Source Address: http://grunt1223.iteye.com/blog/828192
First, Introduction
Multimedia recognition is a problem in information retrieval which is more difficult and more demanding. Taking image as an example, according to the information used in image retrieval, the image can be divided into two categories: text-based image retrieval and content-based image retrieval (cbir:content Based image retrieval). Text-based image retrieval completely does not analyze and utilize the content of the image itself, its retrieval quality depends entirely on the correlation between the text information associated with the image and the image content, so it is necessary to introduce content-based image retrieval. This is the main discussion of the latter.

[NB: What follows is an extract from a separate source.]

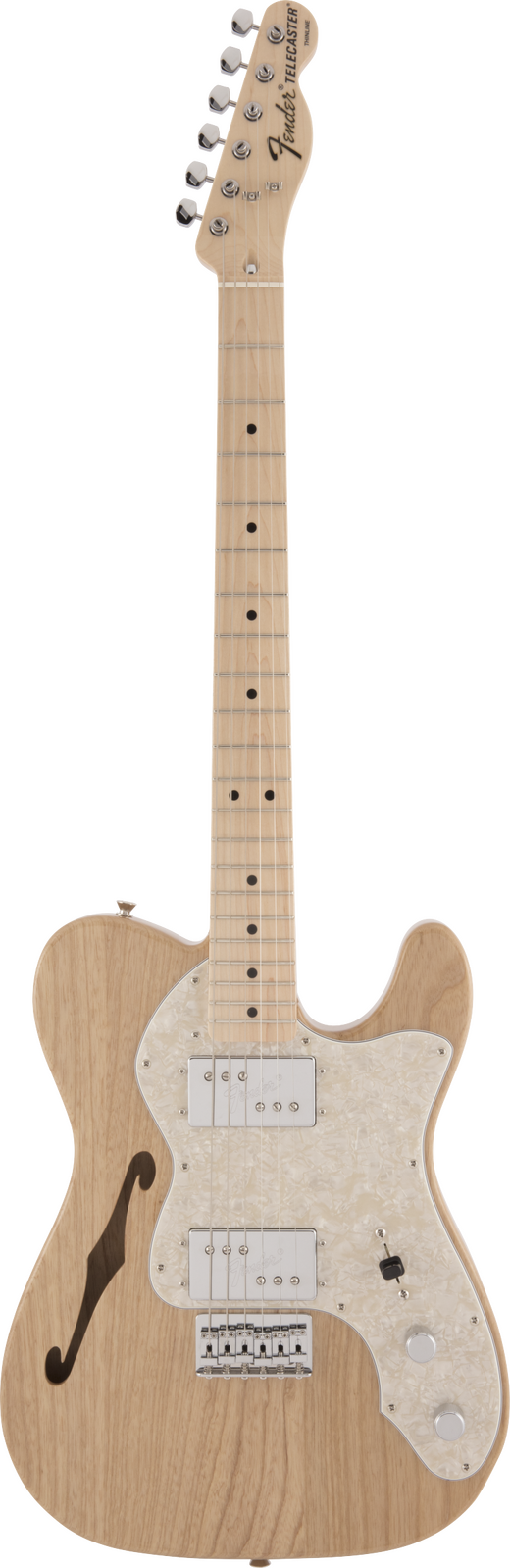 Made in Japan Traditional series derived by combining the aesthetics of traditional Fender musical instrument production with the sophisticated craftsmanship of Japan. Fender's orthodox DNA is revived with reliable Made in Japan quality. Made in Japan Traditional 70s Telecaster® Thinline has a gloss finish ash body. A 9.5-inch radius "U" shaped maple neck with 21 vintage-style frets provides a classic performance that is unique to the Traditional series. The 6-saddle String-Through-Body hardtail bridge, and the original pickups selected for the Traditional series, produce realistic, musical vintage tones. The narrowly designed nut width makes it easy for Japanese players to play. Solid guitar craftsmanship and flexible answers to player needs are reflected in this series.

In computer vision, image content is usually described by image features. In fact, image retrieval based on computer vision can be divided into three steps of similar text search engine: Extracting feature, building index build and querying. This article also follows these three steps to elaborate separately.
Second, the image feature extraction
At present, the image recognition on the internet can be attributed to two types of problems, one is "near-repeated search", mainly for the same source map through different deformation (including illumination, watermark, scaling, local missing replacement, etc.), or for the general similar objects to identify, mainly used in copyright protection, illegal identification, Image deduplication and basic similarity search and so on; the second is "local search", refers to the two pictures as long as there are some objects to repeat, can be matched to, for example, we can imagine, different offer models are not the same, but as long as they are across the same LV package, it can be considered similar image, That is, to achieve the real meaning of image retrieval.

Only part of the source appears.